[Tutor] Searching backwards from end of string

[Angus Rodgers]

On Fri, 10 Jul 2009 11:57:21 -0400, Robert Berman
<bermanrl at cfl.rr.com> wrote:

>I think you are looking for a complex solution.

Hardly.

>How about the following example:
>
>
>In [31]: s1='abcdeefghijkl'  #find last 'e'
>
>In [32]: s2=s1[::-1]    #reverses s1
>
>In [33]: j=s2.find('e') #finds first 'e' in reversed string
>
>In [36]: ind=len(s1)-j-1  #index into s1 where last occurrence of 'e' is
>
>In [37]: ind
>Out[37]: 5
>
>In [38]: s1[ind]
>Out[38]: 'e'
>
>In [39]: s1
>Out[39]: 'abcdeefghijkl' BINGO. Done.
>
>Is that not a bit simpler

I did explain (perhaps at too great a length, or with too many
irrelevancies):

>On Fri, 2009-07-10 at 16:24 +0100, Angus Rodgers wrote:
>> [...]
>> On the earlier occasion:
>> [...]
>> I wrote:
>> [...]
>> def rstrip(s):
>>     return lstrip(s[::-1])[::-1]
>>     # Note: far from maximally efficient (two unnecessary copies!)
>> [...]
>> On the present occasion:
>> [...]
>> I thought I had better err in the opposite direction, so I wrote:
>> [...]
>> def rfindchr(strng, ch):
>>     # Surely there's a neater (but still efficient) way?
>>     n = len(strng)
>>     for i in range(n - 1, -1, -1):
>>         if strng[i] == ch:
>>             return i
>>     return -1

I don't even think that's "complicated" (just ugly and clumsy).

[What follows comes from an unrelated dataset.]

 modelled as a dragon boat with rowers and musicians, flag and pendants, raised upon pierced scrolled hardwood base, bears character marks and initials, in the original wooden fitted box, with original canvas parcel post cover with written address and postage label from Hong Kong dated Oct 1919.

I just wondered if there were some simplifying feature of Python
that I had either forgotten or not learned about yet.  Python code
(even mine!) is usually neater than this.

I know efficiency is not always a major concern (and it certainly
isn't of any practical importance in a toy example like this),
but it seems downright profligate to make a reversed copy of a
string just in order to avoid searching it backwards, and to make
use of a nifty notation like "[::-1]" - even though my own first 
instinct is to do exactly that, to save "development time", and
to make use of a previous solution.
-- 
Angus Rodgers